Schön, wenn sich die Bühne des Theaters in ein Märchenland verwandelt, denn verzaubern lassen wir uns alle gern. Besonders, wenn es so skurril und grotesk, so absurd und gleichwohl charmant zugeht wie in der 1921 in Chicago uraufgeführten „Liebe zu den drei Orangen“ Sergej Prokofjews. Die hatte er im Ausland komponiert, ohne Furcht vor revolutionären Unruhen im Heimatland und frei von ideologischen Einengungen, die ihm später in Russland zusetzten.
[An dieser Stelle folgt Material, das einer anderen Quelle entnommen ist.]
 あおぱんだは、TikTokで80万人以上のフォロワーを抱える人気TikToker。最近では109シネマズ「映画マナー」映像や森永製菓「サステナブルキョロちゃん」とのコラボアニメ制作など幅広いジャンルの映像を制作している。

Entsprechend farbig gelang die Musik, vom rhythmischen Puls beflügelt, vom Raffinement der Instrumentation getragen und vom Reichtum an Inspiration befeuert, zumal er sich nicht mit einem Librettisten herumschlagen musste, denn das hatte er nach einigen literarischen Vorlagen selbst verfasst.
Es geht turbulent zu. Die Figuren der Commedia dell’arte treiben ihr Unwesen, es wird gezaubert und verhext, was das Zeug hält und die Personen der Handlung dürfen in entsprechend witzige, alberne, und plakative Kostüme (Nina Lepilina) schlüpfen. Sie agieren mit hohem Tempo, denn Regisseur Guillermo Amaya setzt ganz auf Taten- und Bewegungsdrang, so dass ein heiteres, ganz und gar „verrücktes“ Spiel entsteht. Dabei rückt er ein oft bizarres Webmuster ins Auge, wenn die Bühne von Ralph Zeger wie Varietétheater oder Zirkusprospekt die Handlungsräume öffnet oder schließt.
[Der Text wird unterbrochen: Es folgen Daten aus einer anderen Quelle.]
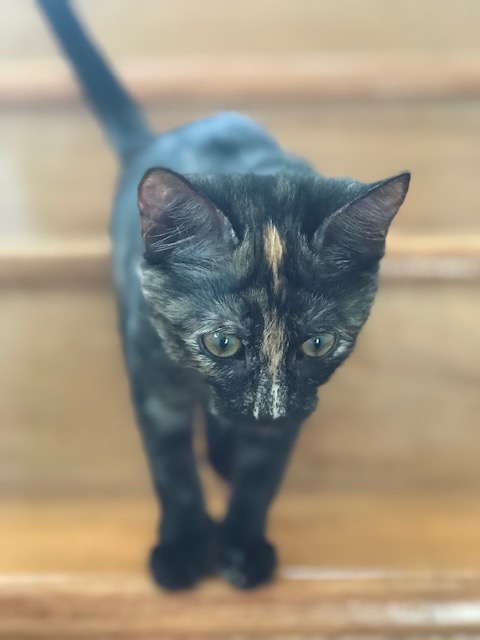 Minnie is a tiny gentle Tortoiseshell girl. She is very affectionate and loves to be held and cuddled. Minnie likes to hang out with her foster humans watching tv, cooking dinner and working in the office. She loves to play with her toys and poucen on her big brother Smokey. Minnie will tolerate small dogs and is fine with cats. She would fit in well to a home that can give her plenty of company and attention. She would be ok with families with children as she loves to be handled and Is very tolerant.

Die Typen sind gut drauf, und eine Vielzahl von Sänger-Spielern individuell typisiert. Prokofjew braucht in dieser Oper viel Personal, hat einen hohen Verschleiß an Prinzessinnen, Zauberinnen, Narren und Helden. Allen voran natürlich der Prinz, an melancholischer Verstimmung leidend, den niemand erheitern kann, bis eben die Orangengeschichte ihren Lauf nimmt. Tenor Winfrid Mikus ist ein sängerisch und darstellerisch überzeugender Prinz, seine Stimme hat ein unverwechselbares Timbre, er selbst ist eine Bühnen-Natur.
Bassbariton James Homan überzeugt als besorgt sonorer Papa König und als Köchin, während João Terleira mit leicht geführtem Tenor der Spaßvogel Truffaldino gibt und Ipca Ramanovic mit feinem Bariton als Leander überzeugt. Und immer gut dabei: Bassist Wilfried Staber als Tschelio. Die Orangenprinzessinnen Ninetta (Ulrike Machill), Linetta (Jana Krauße) und Nicoletta (Mi Rae Choi) sind ganz in Weiß und liebreizend, Ninetta kriegt so gar den Prinzen ab. Intrigante Gegenfiguren sind Prinzessin Clarisse (Vera Semieniuk) und Fata Morgana (Katrin Kapplusch), sonst gefallen Carlotta Lipski, William Desbiens, Sang-Hoon Lee, Xiangnan Yao und Marek Janicki.
Der zum Saisonende scheidende Generalmusikdirektor Elias Grandy setzt die Musik am Pult des Philharmonischen Orchesters präzise, prägnant und illustrativ in Szene, man hört den Instrumentalisten ebenso gerne zu wie dem griffigen, von Michael Pichler einstudierten, kernig auftrumpfenden Chor, der einige die Handlung treibende Elemente ausführt.